The dual basis is defined by the fact that $\phi^j(f_i)=\delta_i^j$. So we use this new expression for $f_i$ to write $\phi^j(t_i^ke_k)=t_i^k\phi^j(e_k)=\delta_i^j$. That is, $\phi^j(e_k)$ must be the inverse matrix to $t_i^k$, which we’ll write as $\left(t^{-1}\right)_k^j$. But now we can check

$\left[\left(t^{-1}\right)_i^j\epsilon^i\right](e_k)=\left(t^{-1}\right)_i^j\delta_k^i=\left(t^{-1}\right)_k^j$

And so we find that $\phi^i=\left(t^{-1}\right)_j^i\epsilon^j$ when we change bases.

Now we can use the same definition for $\eta$ above with our new basis. We set $\eta(1)=\phi^i\otimes f_i$, and then substitute our expressions in terms of the old bases:

$\eta(1)=\left(t^{-1}\right)_j^i\epsilon^j\otimes t_i^ke_k=\left(t^{-1}\right)_j^it_i^k\left(\epsilon^j\otimes e_k\right)=\delta_j^k\left(\epsilon^j\otimes e_k\right)=\epsilon^k\otimes e_k$

which is what we got before. That is, this map actually doesn’t depend on the basis we chose!

Okay, now does this coevaluation — along with the evaluation map from before — actually satisfy the conditions for a duality? First, let’s start with a vector written out in terms of a basis: $v=v^ie_i$. Now we use the coevaluation to send it to $v^ie_i\otimes\epsilon^j\otimes e_j$. Next we evaluate on the first two tensorands to find $v^i\delta_i^je_j=v^je_j$. So we do indeed have the identity here. Verifying the other condition is almost the same, starting from an arbitrary covector $\lambda=\lambda_i\epsilon^i$.
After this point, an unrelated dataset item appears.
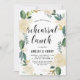 convide a família e os amigos para o seu evento com este convite de almoço do ensaio de flores. Apresenta uma camada floral de cor aquosa de pedras brancas e beges, verde e folha de ouro falsa e sotaques dourados falsos. Personalize este convite de almoço de ensaio em aquarela adicionando seus próprios detalhes. Este convite para almoço de ensaio de flores e verde está disponível em outras cores e estoque de papelão.

So now we know that the category $\mathbf{FinVect}(\mathbb{F})$ has duals. Tomorrow we can promote this to a duality on the category of finite-dimensional representations of a Hopf algebra.

November 13, 2008 Posted by | Algebra, Linear Algebra | 2 Comments

## Representations of Hopf Algebras I

We’ve seen that the category of representations of a bialgebra is monoidal. What do we get for Hopf algebras? What does an antipode buy us? Duals! At least when we restrict to finite-dimensional representations.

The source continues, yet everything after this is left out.